Companies like Air Canada (TSX:AC) soared from less than $1 per share to more than $50 per share in approximately one decade. The company’s stock price now down below the $20 level at the time of writing. This is a drop of more than 60% in just months. Therefore, this stock can understandably be viewed as cheap through the eyes of a value investor.
Here’s why I’d avoid this stock, like Warren Buffett seemingly intends to do indefinitely.
I’ve previously made bullish comments on Air Canada. However, these ought to be taken in context. My view of Air Canada stock has always been that this is a trading vehicle for those looking to exploit market pricing inefficiencies across similar companies in the same sector.
Therefore, my most common suggestion was that investors take a long position at Air Canada only as part of a long short trade, with WestJet (now part of ONEX) or one of the U.S. airlines as a short position. This was due to what I perceived as a value gap across this sector, one I believe still exists today.
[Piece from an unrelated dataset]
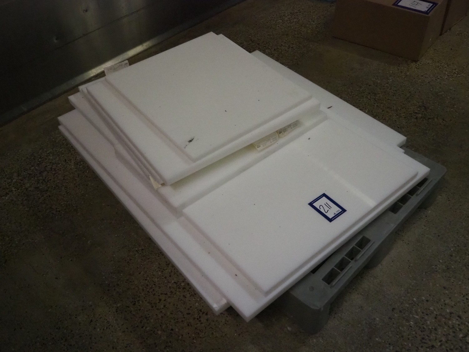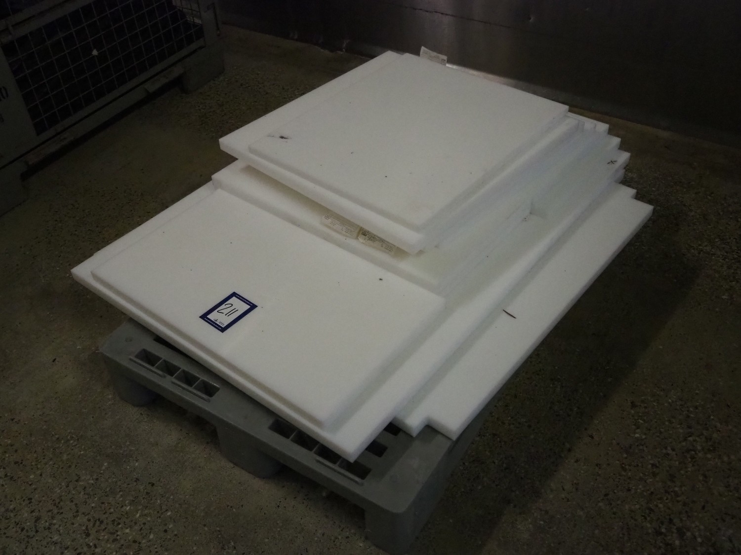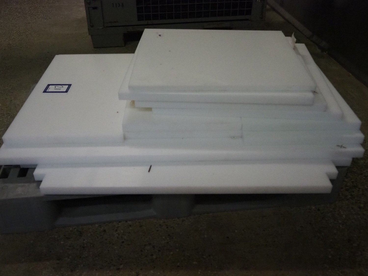 Plastic pallet with various plastic cutting plates, dimensions among others: 520 mm x 600 mm, 650 mm x 650 mm and 700 mm x 1150 mm.

That said, when Air Canada stocks soared above $50 a share, I issued a warning that the stock has flown too high, too fast. Thus, I recommended investors ought to consider offloading or trimming positions. Again, this was discussed as a trade, rather than a long-term buy-and-hold investing strategy.
My typical portfolio of investments and those I watched closely include only buy-and-hold plays. As such, I’ve never owned Air Canada stock. Nor would I recommend investors initiate a position other than to trade.
Investing style is important. An investor should stick to owning stocks they believe in with high levels of conviction for those long term. This minimizes trading fees and maximizes profit long term. After all, if you never sell, you never pay taxes.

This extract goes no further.